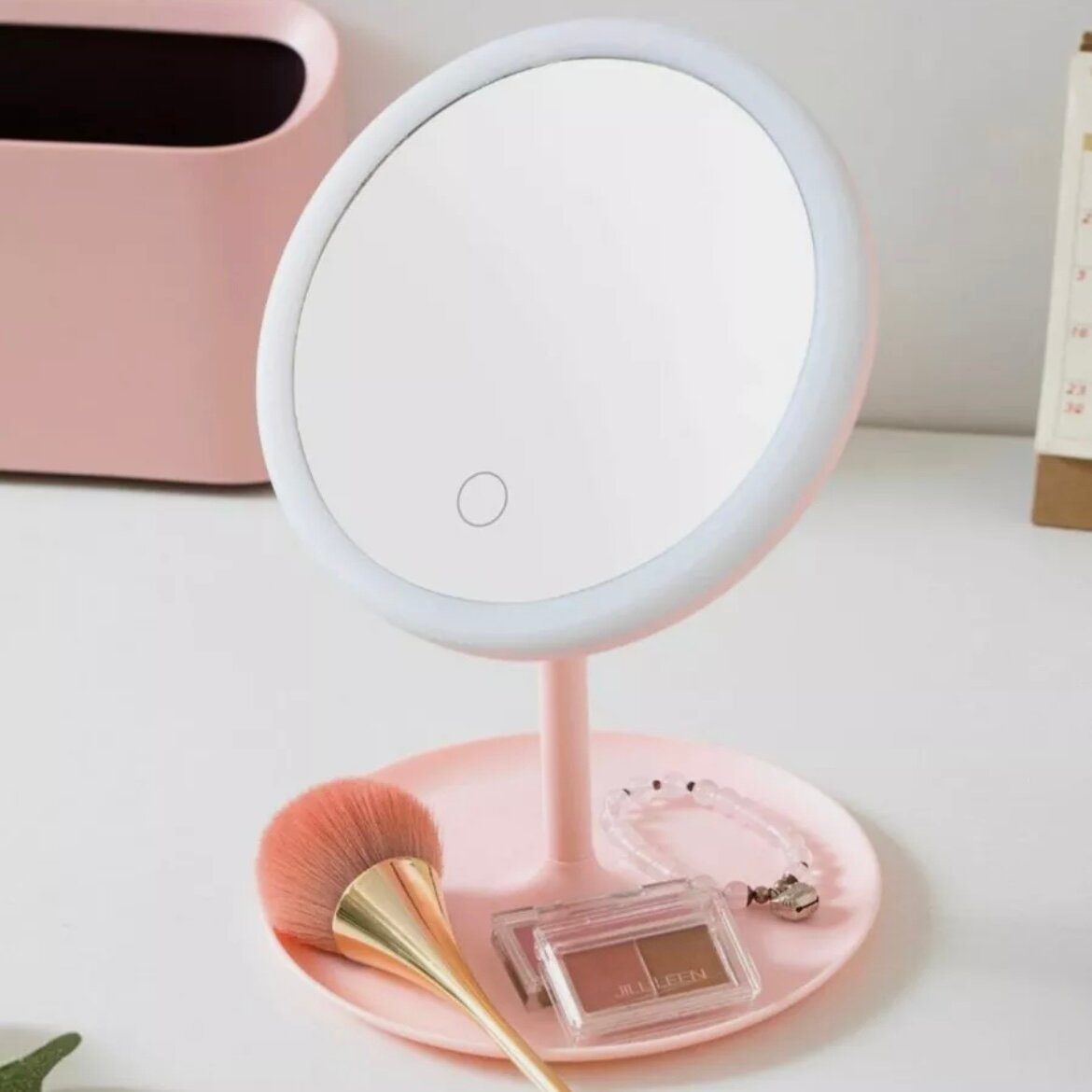 Настольное зеркало для макияжа с подсветкой, розовое
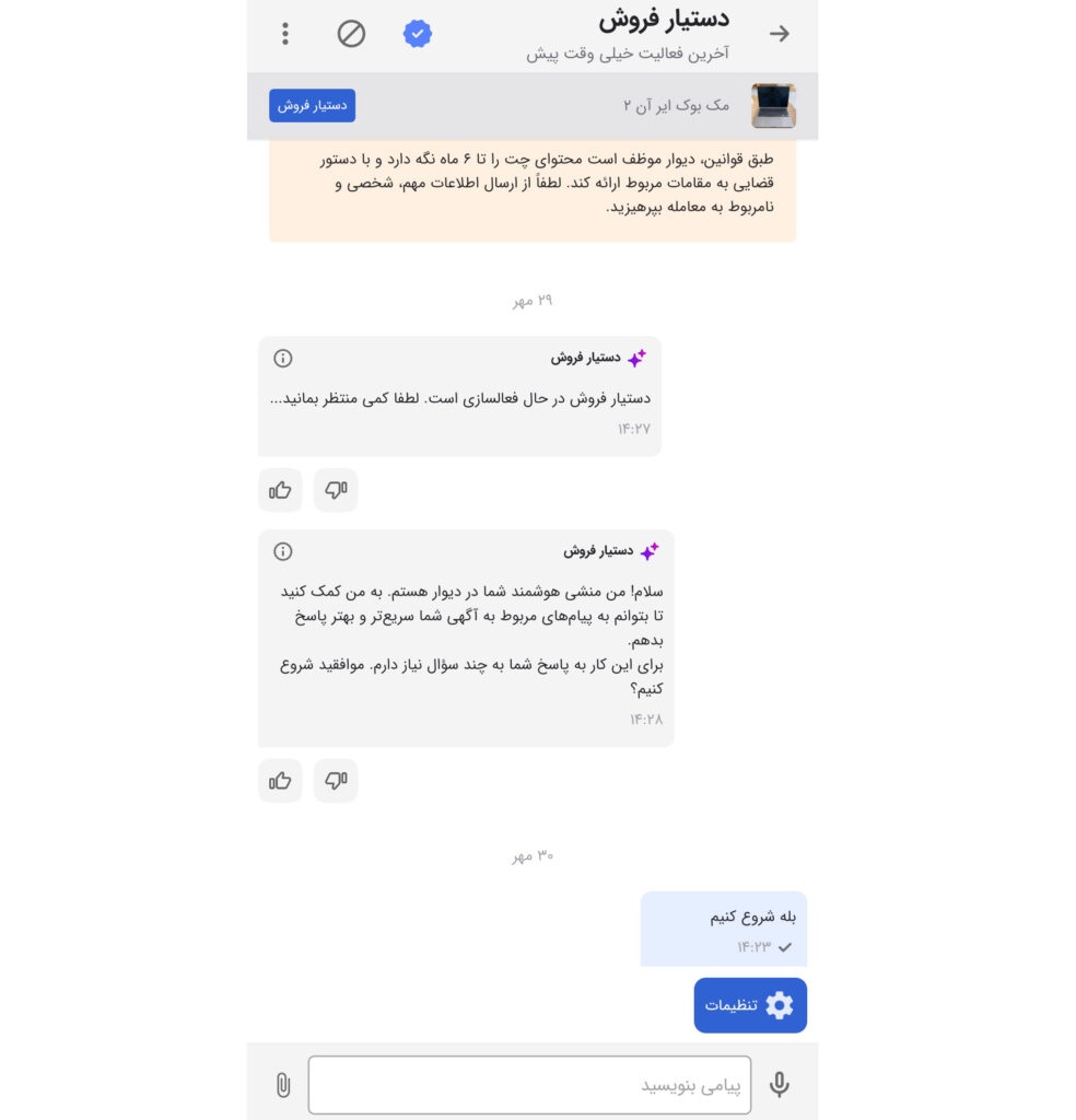 گزارشدهی هوشمند: این دستیار گزارشهای روزانه از عملکرد آگهی و تعاملات صورتگرفته را در اختیار فروشنده قرار میدهد و پیشنهادهایی برای بهبود بازدهی آگهی ارائه میکند.
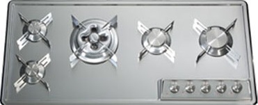 Descrizione: Piano cottura a gas valvolato incasso semifilo in acciaio inox a cinque fuochi di cui un bruciatore tripla corona, cm 99
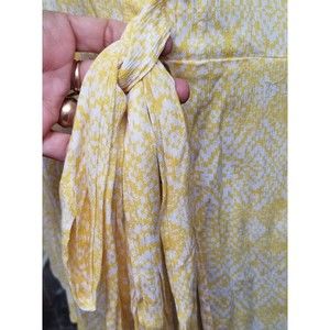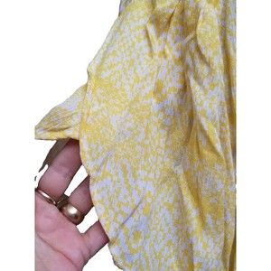 Add a touch of bohemian to your wardrobe with this yellow coverup blouse. The blouse features a V-neckline with short flutter sleeves and a relaxed fit that flatters all body types. The blouse is made of woven rayon material that gives it a lightweight and comfortable feel, perfect for casual occasions in the summer, spring, and fall seasons.
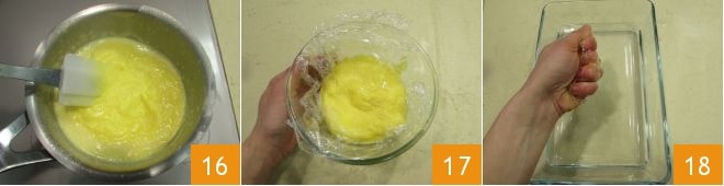 et en mélangeant continuellement, faites cuire la crème jusqu'à ce qu'elle épaississe 16. Placez-la dans un petit bol et couvrez-la avec du film alimentaire 17. Pendant ce temps, faites tremper la gélatine en feuilles dans de l'eau froide et dès qu'elle est ramollie, essorez-la 18
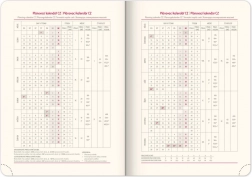 Această agendă săptămânală combină stilul și funcționalitatea datorită designului albastru-auriu cu suprafață metalică și dată în relief. Dispune de elemente practice, precum colțuri rotunjite, suport pentru creion și o bandă elastică, asigurând utilizarea confortabilă. Agenda include un program cu calendar ceho-slovac și alte limbi precum engleză, germană, maghiară și rusă.
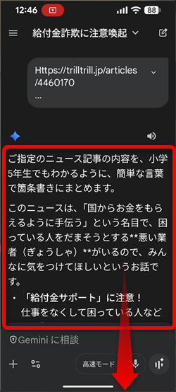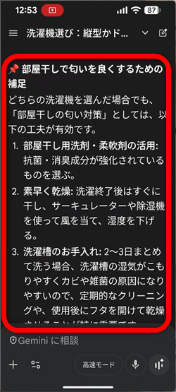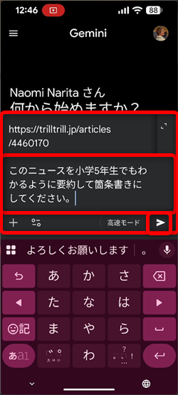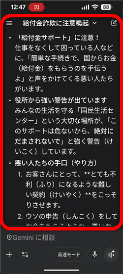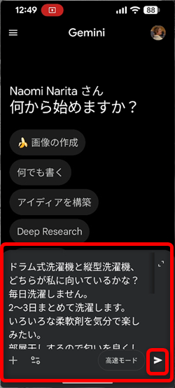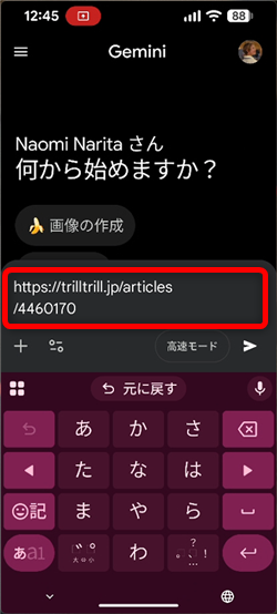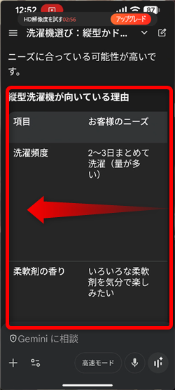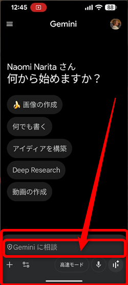 改めてGeminiを起動して「Geminiに相談」をタップして
○ ○ ○ ○
Exercise aim.
Take every entry and repeat it verbatim, minus the pictures.

Your response.
 Настольное зеркало для макияжа с подсветкой, розовое
 گزارشدهی هوشمند: این دستیار گزارشهای روزانه از عملکرد آگهی و تعاملات صورتگرفته را در اختیار فروشنده قرار میدهد و پیشنهادهایی برای بهبود بازدهی آگهی ارائه میکند.
 Descrizione: Piano cottura a gas valvolato incasso semifilo in acciaio inox a cinque fuochi di cui un bruciatore tripla corona, cm 99
 Add a touch of bohemian to your wardrobe with this yellow coverup blouse. The blouse features a V-neckline with short flutter sleeves and a relaxed fit that flatters all body types. The blouse is made of woven rayon material that gives it a lightweight and comfortable feel, perfect for casual occasions in the summer, spring, and fall seasons.
 et en mélangeant continuellement, faites cuire la crème jusqu'à ce qu'elle épaississe 16. Placez-la dans un petit bol et couvrez-la avec du film alimentaire 17. Pendant ce temps, faites tremper la gélatine en feuilles dans de l'eau froide et dès qu'elle est ramollie, essorez-la 18
 Această agendă săptămânală combină stilul și funcționalitatea datorită designului albastru-auriu cu suprafață metalică și dată în relief. Dispune de elemente practice, precum colțuri rotunjite, suport pentru creion și o bandă elastică, asigurând utilizarea confortabilă. Agenda include un program cu calendar ceho-slovac și alte limbi precum engleză, germană, maghiară și rusă.
 改めてGeminiを起動して「Geminiに相談」をタップして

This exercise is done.